ACTION ITEM
Reproduce the data in full, exactly as given, leaving images out.

SUPPLIED DATA START

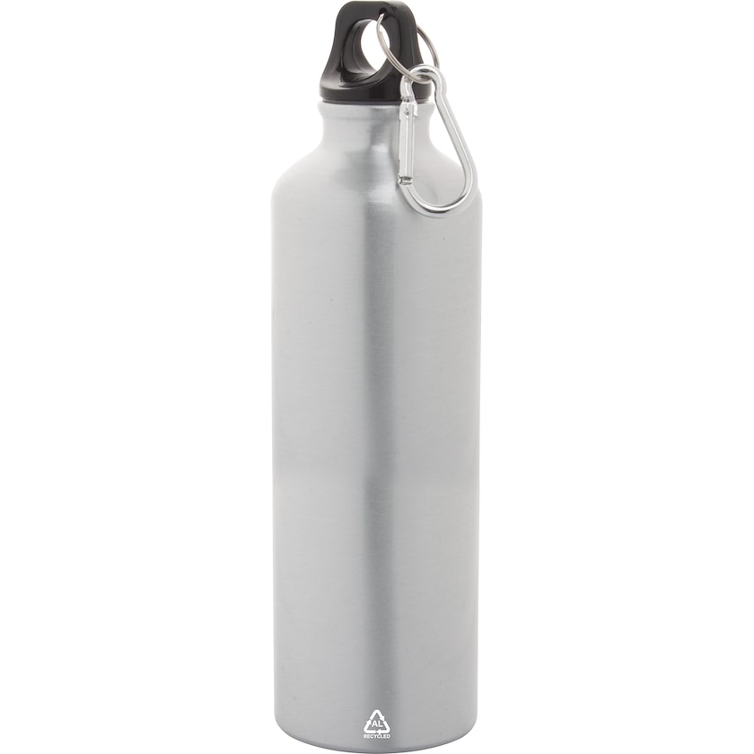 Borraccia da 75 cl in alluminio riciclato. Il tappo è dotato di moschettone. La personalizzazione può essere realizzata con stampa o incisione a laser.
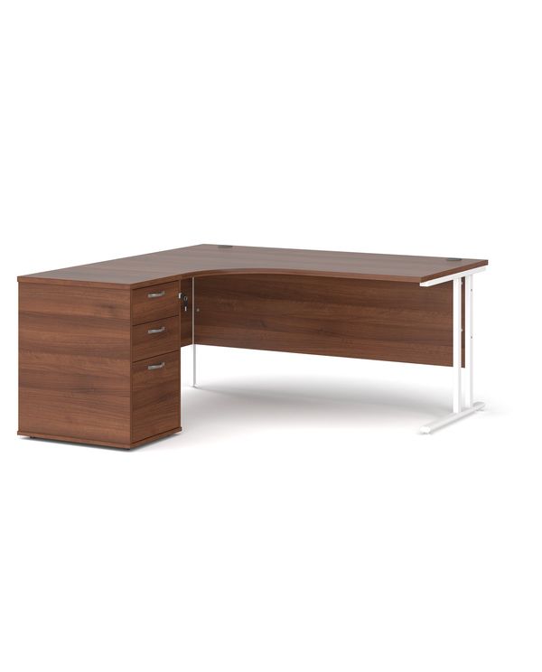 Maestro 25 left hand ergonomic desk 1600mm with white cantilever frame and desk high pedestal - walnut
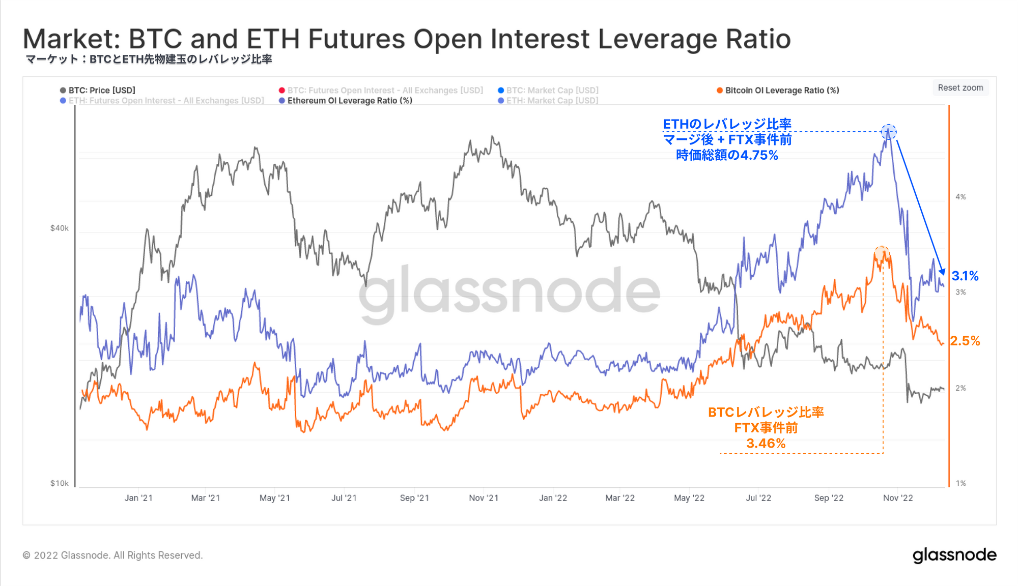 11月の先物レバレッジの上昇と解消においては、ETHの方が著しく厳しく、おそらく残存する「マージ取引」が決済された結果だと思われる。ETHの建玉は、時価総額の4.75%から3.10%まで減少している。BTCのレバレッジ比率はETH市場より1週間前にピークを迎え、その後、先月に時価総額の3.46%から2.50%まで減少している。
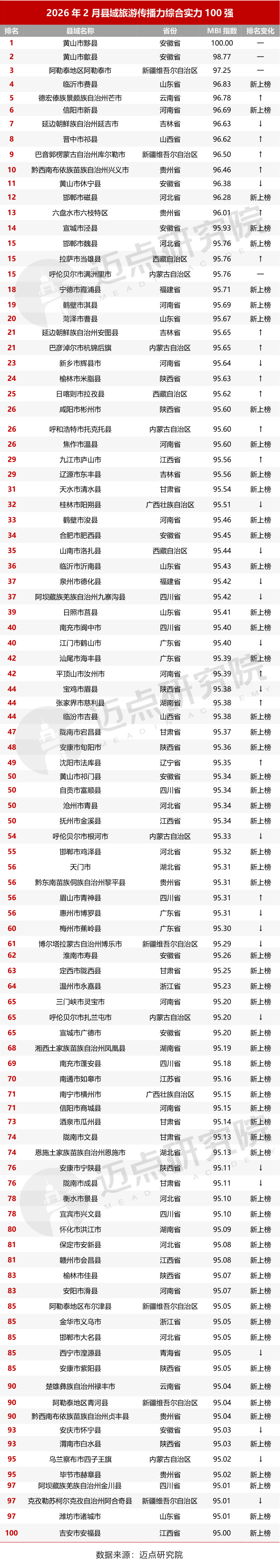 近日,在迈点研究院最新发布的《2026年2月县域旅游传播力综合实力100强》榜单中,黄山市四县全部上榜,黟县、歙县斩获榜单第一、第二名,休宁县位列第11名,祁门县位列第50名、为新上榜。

SUPPLIED DATA END

EXERCISE ANSWER
 Borraccia da 75 cl in alluminio riciclato. Il tappo è dotato di moschettone. La personalizzazione può essere realizzata con stampa o incisione a laser.
 Maestro 25 left hand ergonomic desk 1600mm with white cantilever frame and desk high pedestal - walnut
 11月の先物レバレッジの上昇と解消においては、ETHの方が著しく厳しく、おそらく残存する「マージ取引」が決済された結果だと思われる。ETHの建玉は、時価総額の4.75%から3.10%まで減少している。BTCのレバレッジ比率はETH市場より1週間前にピークを迎え、その後、先月に時価総額の3.46%から2.50%まで減少している。
 近日,在迈点研究院最新发布的《2026年2月县域旅游传播力综合实力100强》榜单中,黄山市四县全部上榜,黟县、歙县斩获榜单第一、第二名,休宁县位列第11名,祁门县位列第50名、为新上榜。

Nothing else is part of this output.